In Greek myth Oedipus was the king of Thebes who, in trying to avoid a prophecy that he would kill his father and marry his mother, actually unwittingly did so.
The celebrated Austrian psychologist Sigmund Freud named one of his most important ideas after the tragic story of Oedipus.
According to Freudian psychoanalytic theory, an Oedipal complex develops after the male infant becomes fixated to his mother during the Oedipal phase of ego development (ages 3-5).
During this time, the infant develops bizarre beliefs which only a child’s mind could produce. He sees or perhaps hears his father and mother lovemaking (called the “primal scene”) and perceives his father as a threat.
His fear intensifies when seeing the father’s penis, which leads the child to irrationally assume that he, himself, has been castrated. The child then demonizes the father and identifies with his apparently ‘all-good’ mother.
He resolves this potent complex by eventually identifying with the father and the external, worldly demands that the father represents to the child.
If his complex goes unresolved, his choice of – and demands from – lovers and marriage partners in subsequent years reflects lingering unconscious infantile, mother-based expectations, which are unrealistic and not grounded in the reality principle.
Freud believed that this was a natural process.
Current trends in psychoanalysis trace the Oedipus complex to earlier conflicts apparently present in the first few years of psychosexual ego development.

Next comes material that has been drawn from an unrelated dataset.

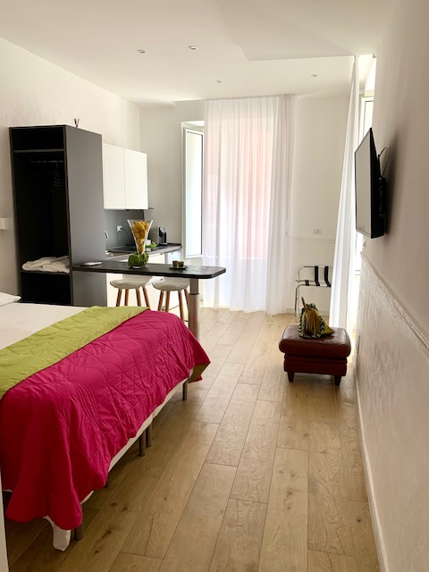 Located at Via Nicola Vischi 2, the studio apartment with its own entrance enjoys the privacy of a home away from home but with the comforts of an accommodation facility. In this flat, you can enjoy the experience of a true Apulian, even cooking tasty recipes. Equipped with two balconies, one equipped with a table and chairs, the studio is located 5 metres from the harbour overlooking via Ognissanti, Trani's medieval street. It offers double or twin accommodation and has a bathroom with a large shower and a fully equipped kitchen.

While some say that psychoanalysis is a science, others see it as a joke with little or not empirical support to validate its fanciful claims. Although the spirit of Freud’s approach is still present within psychiatry, especially with the almost unquestioned status of the concept of the “unconscious,” the actual content of many of his ideas has fallen by the wayside.
As such, most countries recognize medical psychiatry as a credible discipline (with legal powers and associated responsibilities) while giving less weight to non-medical psychologists and social workers.¹
¹ In Canada, for instance, psychiatry is covered by national health care whereas non-medical therapies (such as Jungian and other holistic psychological approaches) are not.